§ **PROMPT**:
Restate word for word the entries below, starting with the line with "三年二班 2026宠物好友吸" and continuing through the line with "La forma de". Include both of those lines and no others.

(DATASET RECORDS)

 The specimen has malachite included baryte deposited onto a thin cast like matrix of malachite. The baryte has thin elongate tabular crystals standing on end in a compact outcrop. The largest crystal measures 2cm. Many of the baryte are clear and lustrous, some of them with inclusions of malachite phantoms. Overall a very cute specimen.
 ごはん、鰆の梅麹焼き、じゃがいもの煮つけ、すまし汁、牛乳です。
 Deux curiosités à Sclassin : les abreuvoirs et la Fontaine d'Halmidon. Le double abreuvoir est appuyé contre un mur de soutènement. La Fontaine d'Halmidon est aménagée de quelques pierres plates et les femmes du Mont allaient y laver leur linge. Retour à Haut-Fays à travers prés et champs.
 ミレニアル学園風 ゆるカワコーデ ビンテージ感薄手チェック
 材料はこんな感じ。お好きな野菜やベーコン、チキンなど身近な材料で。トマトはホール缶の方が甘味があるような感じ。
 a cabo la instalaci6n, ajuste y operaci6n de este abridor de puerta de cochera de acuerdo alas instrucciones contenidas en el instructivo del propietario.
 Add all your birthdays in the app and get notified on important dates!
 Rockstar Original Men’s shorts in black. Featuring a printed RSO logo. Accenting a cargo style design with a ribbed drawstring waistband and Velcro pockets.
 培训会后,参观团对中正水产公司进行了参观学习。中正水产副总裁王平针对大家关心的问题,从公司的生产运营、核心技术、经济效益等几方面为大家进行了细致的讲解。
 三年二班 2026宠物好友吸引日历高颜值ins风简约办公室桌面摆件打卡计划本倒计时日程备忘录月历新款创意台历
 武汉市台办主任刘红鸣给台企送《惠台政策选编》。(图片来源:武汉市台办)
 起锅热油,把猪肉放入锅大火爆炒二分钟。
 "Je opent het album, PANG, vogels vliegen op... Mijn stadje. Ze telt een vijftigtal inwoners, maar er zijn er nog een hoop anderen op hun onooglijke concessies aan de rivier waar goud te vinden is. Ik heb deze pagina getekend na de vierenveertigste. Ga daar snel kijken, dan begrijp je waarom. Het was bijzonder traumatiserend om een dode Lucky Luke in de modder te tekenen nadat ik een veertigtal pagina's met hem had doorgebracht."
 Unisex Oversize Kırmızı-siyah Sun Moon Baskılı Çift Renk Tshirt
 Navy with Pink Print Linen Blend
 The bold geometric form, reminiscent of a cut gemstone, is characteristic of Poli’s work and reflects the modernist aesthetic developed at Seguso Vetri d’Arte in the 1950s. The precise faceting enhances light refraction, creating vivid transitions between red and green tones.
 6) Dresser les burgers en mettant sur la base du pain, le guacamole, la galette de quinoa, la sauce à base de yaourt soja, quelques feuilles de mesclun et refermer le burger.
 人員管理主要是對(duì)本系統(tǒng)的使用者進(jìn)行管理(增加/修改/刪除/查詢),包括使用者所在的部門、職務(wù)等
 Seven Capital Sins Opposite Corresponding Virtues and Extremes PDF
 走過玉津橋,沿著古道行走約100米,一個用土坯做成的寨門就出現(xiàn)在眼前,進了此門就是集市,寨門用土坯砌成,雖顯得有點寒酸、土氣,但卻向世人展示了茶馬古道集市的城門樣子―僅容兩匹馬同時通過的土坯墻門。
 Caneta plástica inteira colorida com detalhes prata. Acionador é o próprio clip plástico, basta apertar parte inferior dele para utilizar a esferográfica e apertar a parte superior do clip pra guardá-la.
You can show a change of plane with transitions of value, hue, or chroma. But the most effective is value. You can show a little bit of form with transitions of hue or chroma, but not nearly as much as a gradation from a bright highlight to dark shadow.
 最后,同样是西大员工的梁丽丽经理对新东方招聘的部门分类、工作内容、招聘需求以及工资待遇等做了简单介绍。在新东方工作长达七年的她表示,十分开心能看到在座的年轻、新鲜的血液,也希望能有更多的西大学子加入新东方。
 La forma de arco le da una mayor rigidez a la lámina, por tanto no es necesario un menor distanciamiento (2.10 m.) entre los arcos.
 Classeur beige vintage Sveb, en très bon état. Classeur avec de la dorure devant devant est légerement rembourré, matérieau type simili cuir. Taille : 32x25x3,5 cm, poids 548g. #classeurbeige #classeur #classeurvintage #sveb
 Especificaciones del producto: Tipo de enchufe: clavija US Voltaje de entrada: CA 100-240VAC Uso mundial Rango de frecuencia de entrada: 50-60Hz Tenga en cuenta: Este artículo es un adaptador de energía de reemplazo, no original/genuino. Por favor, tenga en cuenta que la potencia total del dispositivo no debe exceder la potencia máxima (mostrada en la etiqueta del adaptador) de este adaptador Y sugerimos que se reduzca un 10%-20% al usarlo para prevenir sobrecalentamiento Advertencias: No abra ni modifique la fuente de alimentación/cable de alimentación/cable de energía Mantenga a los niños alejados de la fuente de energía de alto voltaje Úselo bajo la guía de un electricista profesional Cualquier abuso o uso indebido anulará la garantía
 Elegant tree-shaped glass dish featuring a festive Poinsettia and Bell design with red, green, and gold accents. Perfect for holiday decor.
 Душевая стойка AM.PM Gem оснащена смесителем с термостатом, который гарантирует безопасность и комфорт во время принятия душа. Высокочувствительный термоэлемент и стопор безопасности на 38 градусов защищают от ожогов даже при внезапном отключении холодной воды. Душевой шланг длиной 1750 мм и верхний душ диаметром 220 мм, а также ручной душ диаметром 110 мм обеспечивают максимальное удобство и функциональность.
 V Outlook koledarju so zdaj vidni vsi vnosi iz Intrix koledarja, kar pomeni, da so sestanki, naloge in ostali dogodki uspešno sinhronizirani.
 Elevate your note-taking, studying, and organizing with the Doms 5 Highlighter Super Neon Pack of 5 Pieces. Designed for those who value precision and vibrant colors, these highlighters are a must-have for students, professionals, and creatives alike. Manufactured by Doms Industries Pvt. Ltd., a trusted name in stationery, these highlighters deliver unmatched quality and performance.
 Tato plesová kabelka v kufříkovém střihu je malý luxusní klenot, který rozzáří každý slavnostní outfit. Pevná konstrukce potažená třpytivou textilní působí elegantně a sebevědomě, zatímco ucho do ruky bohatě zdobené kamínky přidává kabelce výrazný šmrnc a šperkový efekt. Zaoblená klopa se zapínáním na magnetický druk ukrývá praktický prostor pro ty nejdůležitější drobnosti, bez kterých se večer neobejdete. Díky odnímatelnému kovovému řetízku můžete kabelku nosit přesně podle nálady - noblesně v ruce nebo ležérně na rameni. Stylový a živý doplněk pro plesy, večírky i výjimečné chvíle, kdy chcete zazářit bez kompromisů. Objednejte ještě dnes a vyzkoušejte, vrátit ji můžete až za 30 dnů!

(End DATASET RECORDS)

§ **EXERCISE RESULT**:
 三年二班 2026宠物好友吸引日历高颜值ins风简约办公室桌面摆件打卡计划本倒计时日程备忘录月历新款创意台历
 武汉市台办主任刘红鸣给台企送《惠台政策选编》。(图片来源:武汉市台办)
 起锅热油,把猪肉放入锅大火爆炒二分钟。
 "Je opent het album, PANG, vogels vliegen op... Mijn stadje. Ze telt een vijftigtal inwoners, maar er zijn er nog een hoop anderen op hun onooglijke concessies aan de rivier waar goud te vinden is. Ik heb deze pagina getekend na de vierenveertigste. Ga daar snel kijken, dan begrijp je waarom. Het was bijzonder traumatiserend om een dode Lucky Luke in de modder te tekenen nadat ik een veertigtal pagina's met hem had doorgebracht."
 Unisex Oversize Kırmızı-siyah Sun Moon Baskılı Çift Renk Tshirt
 Navy with Pink Print Linen Blend
 The bold geometric form, reminiscent of a cut gemstone, is characteristic of Poli’s work and reflects the modernist aesthetic developed at Seguso Vetri d’Arte in the 1950s. The precise faceting enhances light refraction, creating vivid transitions between red and green tones.
 6) Dresser les burgers en mettant sur la base du pain, le guacamole, la galette de quinoa, la sauce à base de yaourt soja, quelques feuilles de mesclun et refermer le burger.
 人員管理主要是對(duì)本系統(tǒng)的使用者進(jìn)行管理(增加/修改/刪除/查詢),包括使用者所在的部門、職務(wù)等
 Seven Capital Sins Opposite Corresponding Virtues and Extremes PDF
 走過玉津橋,沿著古道行走約100米,一個用土坯做成的寨門就出現(xiàn)在眼前,進了此門就是集市,寨門用土坯砌成,雖顯得有點寒酸、土氣,但卻向世人展示了茶馬古道集市的城門樣子―僅容兩匹馬同時通過的土坯墻門。
 Caneta plástica inteira colorida com detalhes prata. Acionador é o próprio clip plástico, basta apertar parte inferior dele para utilizar a esferográfica e apertar a parte superior do clip pra guardá-la.
You can show a change of plane with transitions of value, hue, or chroma. But the most effective is value. You can show a little bit of form with transitions of hue or chroma, but not nearly as much as a gradation from a bright highlight to dark shadow.
 最后,同样是西大员工的梁丽丽经理对新东方招聘的部门分类、工作内容、招聘需求以及工资待遇等做了简单介绍。在新东方工作长达七年的她表示,十分开心能看到在座的年轻、新鲜的血液,也希望能有更多的西大学子加入新东方。
 La forma de arco le da una mayor rigidez a la lámina, por tanto no es necesario un menor distanciamiento (2.10 m.) entre los arcos.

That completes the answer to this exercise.